Glossary Of Common Desktop Computer Terms

You may be interested in purchasing a new desktop computer, but may not be familiar with common computer terminology. This glossary has been designed to help.

Application: Refers to computer software that performs a task or set of tasks, ie word processing or drawing.

Bandwidth: Refers to the capacity of a networked connection and determines how much data can be sent along networked wires. This measurement is important for Internet connections, since the greater the bandwidth, the faster the Internet download.

Byte: Typically, computers use combinations of eight bits, or bytes to represent an individual character of data or instructions.

Cache: A small data memory storage area that a computer uses to re access data rather than re reading data from an original source.
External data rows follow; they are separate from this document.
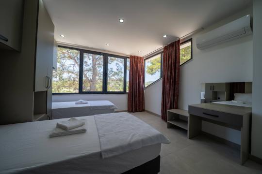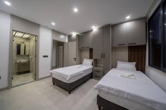 3.Yatak odası: Tek kişilik iki tane yatak, komodin, ebeveyn banyo, klima, elbise dolabı bulunmaktadır.
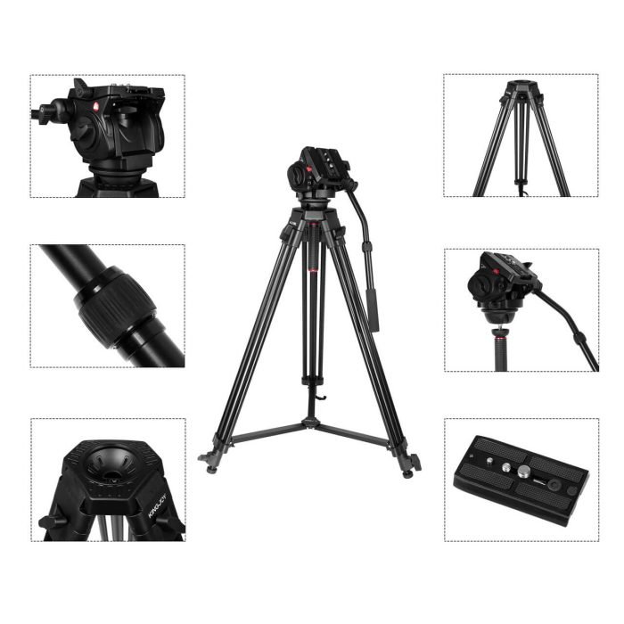 Professional camera video tripod with detachable pan tilt fluid head, ideal for video shooting, live broadcasting and photography.
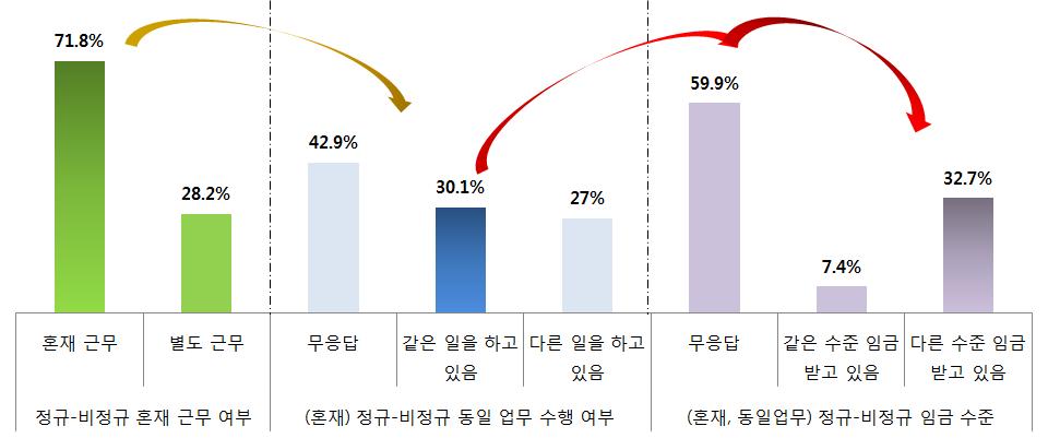 이동통신 3사 직영매장 판매직의 임금은 △기본급(최저임금 전후)과 △성과급(인센티브)으로 구성된다. B사 매장 판매직의 내부 임금구성 항목을 보면, 노동시간과 임금을 통한 노동자 통제 방식이 간접적으로 확인된다. B사 매장 판매직의 기본급 비중은 60~75%이며, 연장 휴일근로 수당 비중은 14~26%, 성과급 비중은 13~32%인데 성과급과 휴일근로 수당이 전체의 40∼50%를 차지하고 있다. 게다가 노동현장에서는 업무상의 차별(동일노동, 동일임금 미적용)도 발생한다. B사 매장에서 정규직과 같이 근무하는 판매직 비정규직의 비율은 71.8%로, 이 가운데 정규직과 동일 업무를 수행하는 비정규직 비율은 30.1%인데, 이 중 약 32.7%가 임금 차별을 받는다([그림2]).
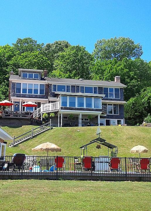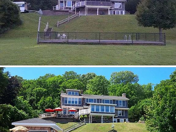 Completely remodeled with hardwood floors throughout, heated floors in kitchen and Florida room, 2 Heatilator fireplaces, large 13' x 8' walk in master bedroom closet, (2) air baths, In law suite in basement along w/gym (750 sq ft not included in total sq ft), salt water pool, waterfront, cabana with full kitchen, 7 zone wifi programmable sprinkler system and Harborfield's school district.
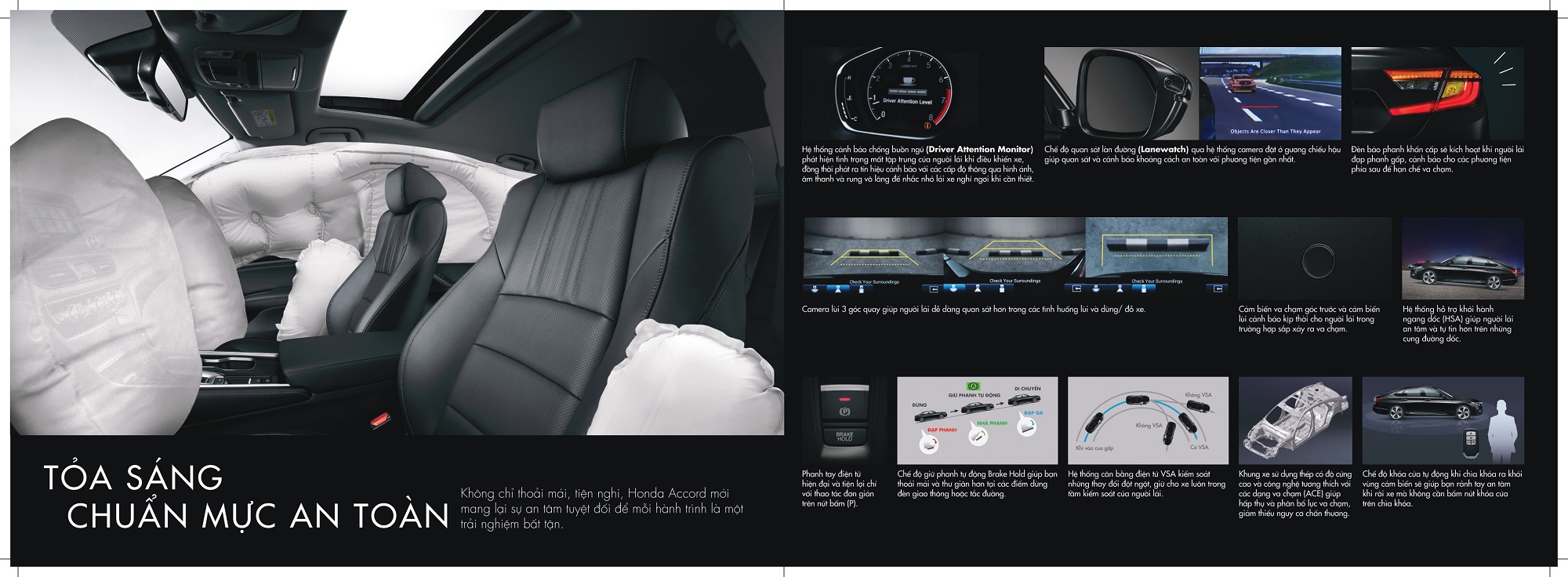 Bên cạnh đó, Honda Accord mới được trang bị các công nghệ an toàn tiên tiến như Hệ thống cảnh báo chống buồn ngủ (Driver Attention Monitor), Hệ thống quan sát làn đường (Honda Lanewatch), Phanh tay điện tử (EPB), Giữ phanh tự động, Cân bằng điện tử (VSA), Hỗ trợ khởi hành ngang dốc (HSA), Camera chiếu hậu đa góc, hệ thống an toàn 6 túi khí,…nhằm hỗ trợ người lái suốt hành trình di chuyển và bảo vệ toàn diện cho tất cả hành khách. Không chỉ thoải mái, tiện nghi, Honda Accord 2022 mới mang lại sự an tâm tuyệt đối bởi hệ thống an toàn được trang bị tiên tiến nhất để mỗi hành trình là một trải nghiệm bất tận.
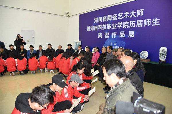 本報12月17日訊 當你崇拜的業(yè)界大腕突然來到你的身邊,成為你的老師,這會是一種怎樣的體驗?昨日,湖南科技職業(yè)學院舉行陶瓷藝術(shù)大師結(jié)對收徒儀式,我省40位陶瓷技藝國家級、省級傳承人與該校陶瓷設(shè)計專業(yè)40名學生“一對一”結(jié)為師徒,與此同時,5位國家級陶藝大師還獲聘成為該校特聘教授。大師們將通過“現(xiàn)代學徒制”模式,將自己的技能專長,傳授給校園里的“徒弟”。
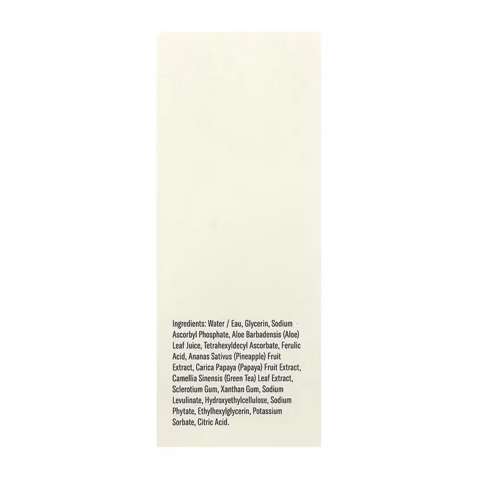 Вода (Eau), сок из листьев алоэ вера (Aloe barbadensis), тетрагексилдецил аскорбат, феруловая кислота, экстракт плодов ананаса (Ananas sativus)., экстракт листьев зеленого чая (Camellia sinensis), экстракт плодов папае, Ca ксантановая камедь, гидроксиэтилцеллюлоза, фитат натрия, этилгексилглицерин, сорбат калия, бензоат натрия, лимонная кислота.

CDROM: Stands for Compact Disc Read-Only Memory Aided Manufacturing. This refers to a disc that has been optically designed to hold music, reference materials, or computer software. Most software programs are now delivered on this platform.

Database: A collection of similar information stored within one file, sometimes created and stored within a database management system.
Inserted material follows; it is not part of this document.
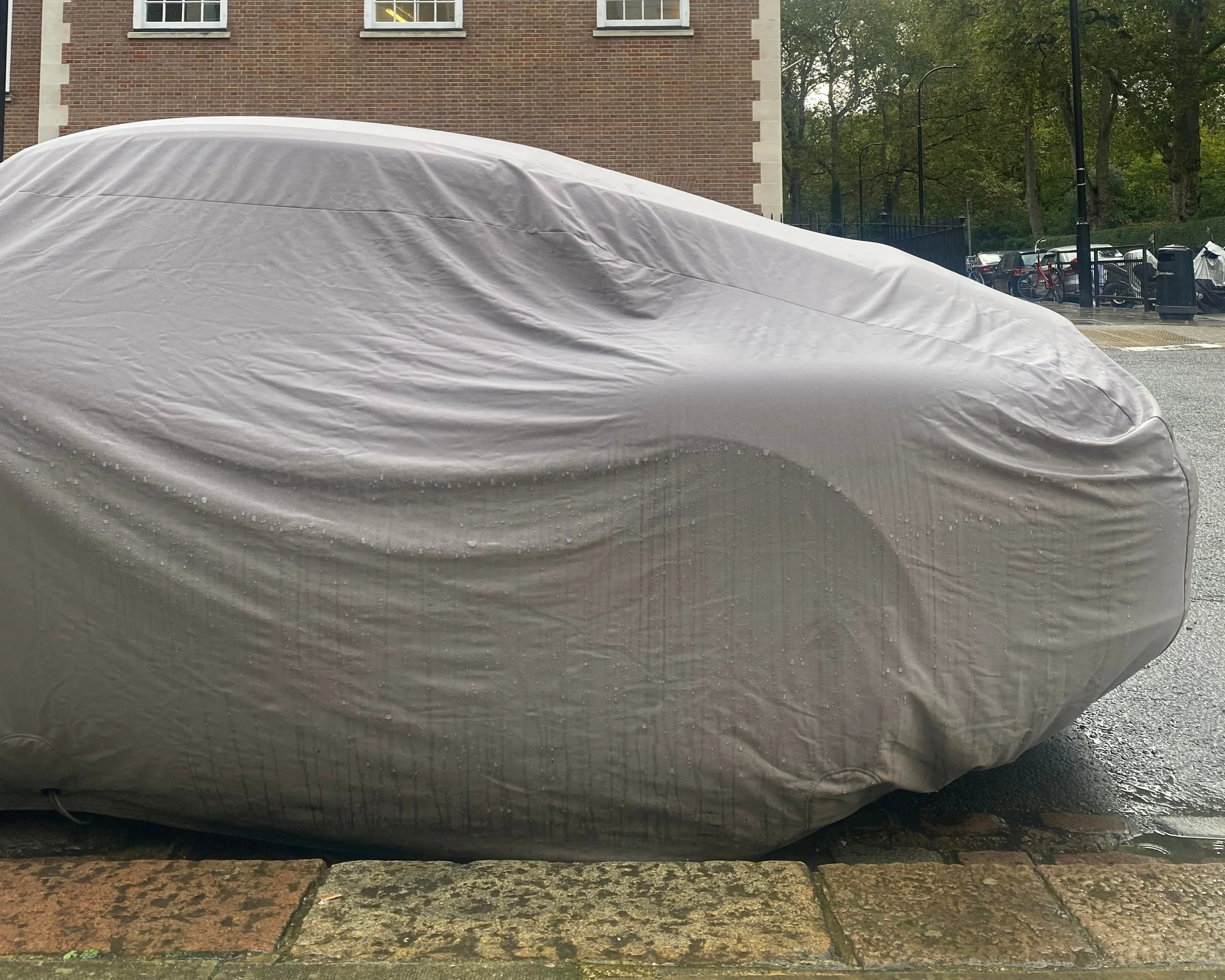 I keep looking at simple things, unwanted or not visible to everyone on a busy Saturday morning. I keep doing this convinced that it will help me to keep my mind open and not brainwashed by something which I am not aware of. My footprint in the wet changing room, grey walls, mat beiges and soft light blues. The cover of a car against a grey sky.

Domain: This term represents an IP or Internet Protocol address, or set of addresses comprising a domain. The domain name appears within URLs and helps to identify web pages or email addresses.

DSL: Stands for digital subscriber line, a method of connecting to the Internet via a phone line. Most DSL connections use a copper telephone line to relay data at much higher speeds than modems can and does not interfere with the use of telephones.

Ethernet card: A board located inside a computer to which a network cable can be attached.

Firewall: A set of computer security protocol programs designed to protect a computer from outside interference or Internet access.

FTP: Stands for File Transfer Protocol, a format and set of rules concerning the transfer of files from a host to a remote computer.

Gigabyte (GB) Unit of measurement consisting of 1024 megabytes. Also known as a gig.

GUI: Stands for Graphical User Interface, a system that simplifies the process of computer command selection by enabling the user to point to symbols or illustrations, or icons by use of the mouse.

Hard drive: Also known as a hard disc. Stores information within a computer.

Hardware: This refers to both the physical and mechanical components of a computer system, including the electronic circuitry, monitor, disks, disk drives, modem, keyboard, and printer.

HTML: Stands for Hypertext Markup Language, referring to a standard text of markup conventions.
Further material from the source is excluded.